Both the album and single were given substantial promotion on the Internet. AOL Music reported that a 20-minute selection of video content involving Carlton that the website had hosted, including the "A Thousand Miles" video and Carlton's performance of the song for Sessions@AOL, drew over one million requested downloads and streams prior to the release of Be Not Nobody.[16][17] The Sessions recording of "A Thousand Miles" was later included on the album Sessions @ AOL, released in October 2003.

Critical reception[edit]

The song was highly acclaimed by music critics. Billboard magazine opined, "it's the song's classical-tied piano hook that endures with urgency throughout the song that lends it spectacular charm, along with the artist's vulnerable vocal style... A truly auspicious opening."[18] Most other critics gave Be Not Nobody mixed reviews, but generally praised the song. AllMusic wrote: "as it moves from its solo orchestral-backed choruses, the result isn't overwhelming, it's sweet, multi-layered, and appealing".[19] Sean Richardson of the Boston Phoenix made favourable comparisons between "A Thousand Miles" and Michelle Branch's debut single "Everywhere", saying, "it's a good-natured reverie, with none of the troubled soul searching that characterizes the work of Tori and Fiona. She occasionally evokes her piano-playing predecessors by raising her girlish voice to a howl, but she's better off being herself".[20] Adrien Begrand of PopMatters magazine said the song was "catchy and hard to dislike", but characterized it as "the sort of girly-voiced, introspective pop that is made to please people who are looking for singer/songwriters who look and sound profound, but actually have nothing to say".[21]

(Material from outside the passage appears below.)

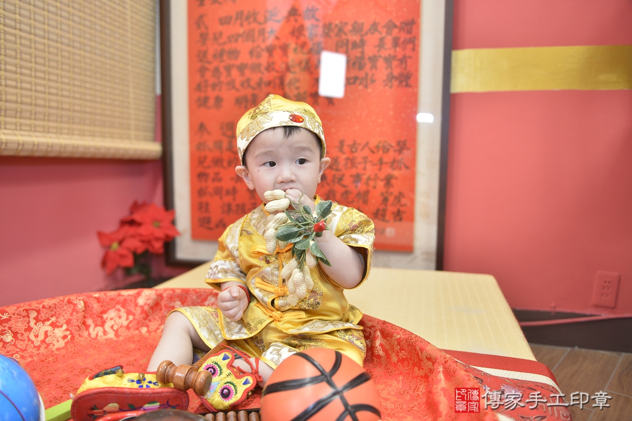新北市永和區劉寶寶抓周推薦:傳家新北店抓周度脺中國風會場,嬰兒古禮抓周流程儀式吉祥話、抓周道具物品24種、拍照。抓周證書。2022.06.12
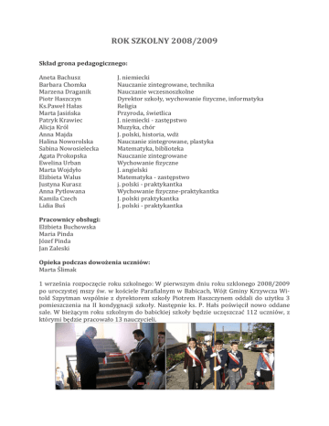 ROK SZKOLNY 2008/2009 Skład grona pedagogicznego: Aneta Bachusz Barbara Chomka Marzena Draganik Piotr Haszczyn Ks.Paweł Hałas Marta Jasińska Patryk Krawiec Alicja Król Anna Majda Halina Noworolska Sabina Nowosielecka Agata Prokopska Ewelina Urban Marta Wojdyło Elżbieta Walus Justyna Kurasz Anna Pytlowana Kamila Czech Lidia Buś J. niemiecki Nauczanie zintegrowane, technika Nauczanie wczesnoszkolne Dyrektor szkoły, wychowanie fizyczne, informatyka Religia Przyroda, świetlica J. niemiecki - zastępstwo Muzyka, chór J. polski, historia, wdż Nauczanie zintegrowane, plastyka Matematyka, biblioteka Nauczanie zintegrowane Wychowanie fizyczne J. angielski Matematyka - zastępstwo j. polski - praktykantka Wychowanie fizyczne-praktykantka J. polski praktykantka J. polski - praktykantka Pracownicy obsługi: Elżbieta Buchowska Maria Pinda Józef Pinda Jan Zaleski Opieka podczas dowożenia uczniów: Marta Ślimak 1 września rozpoczęcie roku szkolnego: W pierwszym dniu roku szklonego 2008/2009 po uroczystej mszy św. w kościele Parafialnym w Babicach, Wójt Gminy Krzywcza Witold Szpytman wspólnie z dyrektorem szkoły Piotrem Haszczynem oddali do użytku 3 pomieszczenia na II kondygnacji szkoły. Następnie ks. P. Hałs poświęcił nowo oddane sale. W bieżącym roku szkolnym do babickiej szkoły będzie uczęszczać 112 uczniów, z którymi będzie pracowało 13 nauczycieli. W dniach 3 – 5 września uczniowie naszej szkoły wzięli udział w Misjach, które odbyły się w parafii z okazji 500 lecia jej istnienia. Uczniowie wysłuchali nauk rekolekcyjnych oraz brali udział w naukach śpiewu. W dniu 13 września (sobota) w szkole odbyły się zajęcia; ze względu na odrabianie dnia 10 XI. W tym też dniu przypadała 69 rocznica bitwy o Krzywczę. Z tego względu panowie z Przemyskiej Grupy Rekonstrukcji Wydarzeń Historycznych przedstawili mundury w jakich walczyli Polacy z Niemcami, a p. Mirosław Majakowski prezes grupy, przedstawił szlak bojowy 11 Karpackiej Dywizji Piechoty pod dowództwem gen. Prugara – Ketlinga i przebieg bitwy o Krzywczę. Panowie odpowiedzieli również na liczne pytania uczniów. Dlaczego to robimy? Żeby oddać hołd wszystkim żołnierzom, którzy brali udział w walkach o wolną Polskę. 13 września po informacjach w prasie o groźbach pod adresem prof. Franka Wilczka w związku z otwarciem laboratorium w Szwajcarii otrzymaliśmy list od żony Franka Betsy: Proszę się niepokoić o Franka. Jest dokładnie jedna zwariowana osoba, która pisze grożące listy do Franka, ale on mieszka bardzo daleko od nas i policja ma go na oku. Ten człowiek jest pod nadzorem policji, żeby nie zrobił czegoś złego. To dostało się do wiadomości, ponieważ Frank wspomniał o tym do przyjaciela, który bardzo głupio opowiedział gazecie dużo więcej przerażającą wersję historii, robiąc wydźwięk, jak gdyby wielu ludzi wysyłało groźby. Często myślimy o tobie i Babicach. Nie zapomniałam o twoim życzeniu, by zobaczyć zdjęcie Franka grającego w szachy, ale on zawsze gra z komputerem zamiast na szachownicy, która jest bardziej fotogeniczna. Jesteśmy w tej chwili w Nowym Jorku, ponieważ wydawca Franka promuje jego nową książkę pt. Lekkości Bycia. Jest to zajęcie bardzo przyjemne, ale pracochłonne. Najcieplejszy życzenia dla ciebie i twojej szkoły, Betsy 4 września odbyła się szkolna wywiadówka. Na spotkaniu ogólnym obecnych było 53 rodziców, co stanowi 73%. Dyrektor szkoły przedstawił Plan Pracy Szkoły na rok 2008/2009 oraz w sprawach bieżących przedstawił stan organizacji świetlicy szkolnej. Opiekunka Rady Rodziców p. B. Chomka przedstawiał preliminarz wydatków RR na rok szkolny. Informujemy, że składka na Radę Rodziców wynosi w bieżącym roku szkolnym 4 zł od rodziny (na miesiąc). Wychowawcy klas zapoznali rodziców z wymaganiami edukacyjnymi, Szkolnym Systemem Oceniania oraz zatwierdzali Klasowe Plany Wychowawcze. 18 września uczennice klasy VI brały udział w lekcji nauki pływania pod kierunkiem p. Eweliny Urban na pływalni w Przemyślu. Lekcje będą prowadzone raz w miesiącu w ramach zajęć rekreacyjno - sportowych. 26 września w ramach zajęć świetlicowych odbyło się spotkanie z absolwentką naszej szkoły P. JOANNĄ ZALESKĄ, która z grupą przyjaciół odbyła podróż do Azji samochodem marki "Nysa". Podróżniczka opowiedziała o niezwykłych wydarzeniach i przygodach podczas podróży np; jak natknęli się na rosyjskie czołgi jadące na Gruzję. Dodatkową atrakcją były zdjęcia wyświetlane podczas opowieści. 9 października odbył się w naszej szkole konkurs pt. "Ochrona środowiska a zdrowie człowieka". W konkursie wzięło udział 5 uczniów. Najlepsze wyniki uzyskali: Maciej Krzywiński – 24 punkty, Szpiech Kamila - 21 punkty, Rafał Osypanka – 20 punkty. Wyżej wymienieni uczniowie kwalifikują się do następnego etapu no kursu. Konkurs przeprowadziła i nadzorowała p. Marta Jasińska. 6 października Justyna Durys brała udział w wojewódzkich zawodach lekkoatletycznych w Rzeszowie. Uczennica kl.V uzyskała bardzo dobry rezultat rzucając piłeczką palantową 36,5 m. Opiekę nad zawodniczką sprawowała p. E.Urban. 6 października szkoła wzbogaciła się o sprzęt sportowy 6 piłek, koszulki treningowe oraz 50 szt. oznaczników boiskowych, dzięki zaangażowaniu p. E. Urban, która zakupiła wymieniony sprzęt w Anglii za kwotę 200 zł z funduszy szkoły. 3 października biblioteka szkolna wzbogaciła się o 60 książek uzyskanych od Fundacji Pomocy Bibliotekom Polskim z Warszawy. Duże zasługi w pozyskaniu książek ma p. Andrzej Sikorski, który w Warszawie odebrał książki i wysłał do naszej szkoły. 1 października drużyna chłopców w składzie: D.Beer, M.Bugiel, M.Krzywiński, S.Pempek, P.Przepaśniak, K.Wilczek, S.Piekarz, P.Szpiech, F.Chruścicki, J.Ślimak brała udział w Turnieju Piłki Nożnej w Przemyślu z okazji 100 lecia powstania Miejskiego Klubu

"A Thousand Miles" continued to receive regular rotation on Adult Contemporary and Adult Top 40 radio stations two years after its original release, and Billboard magazine has named it "one of the most enduring songs of the millennium".[22] Carlton has said that rappers such as Fabolous and Ja Rule "really like this song."[23]

In the film White Chicks (2004) a group of girls refer to the song as their "jam" when it's played on the radio. It's played again two more times in the film: when Terry Crews' character sings this song to Marlon Wayans' character, and when Terry Crews' character sings it to the Wilson twins. Terry Crews' character in the film sings along with it and shakes his head hard when he hears the orchestrated hook.[24] The song is also prominently featured in the Season 3 finale titled "Flashback in the Day" of the television sitcom Workaholics.

Music video[edit]

Directed by Marc Klasfeld, the music video was filmed in Newbury Park, California, and in portions of Downtown Los Angeles. There was no use of green screen or visual effects, only a custom built dolly for the piano and a safety belt on Carlton.[25] It begins with Carlton entering her garage and uncovering her piano. When she starts playing and the song begins, the piano starts to move through the neighborhood outside. While playing, she passes by bikers and footracers on the road, near a parade downtown, along the beach, and across other parts of the city, gradually taking place until the sun sets. In the end, she and the piano finally return to her garage, where she gets up and reenters the house.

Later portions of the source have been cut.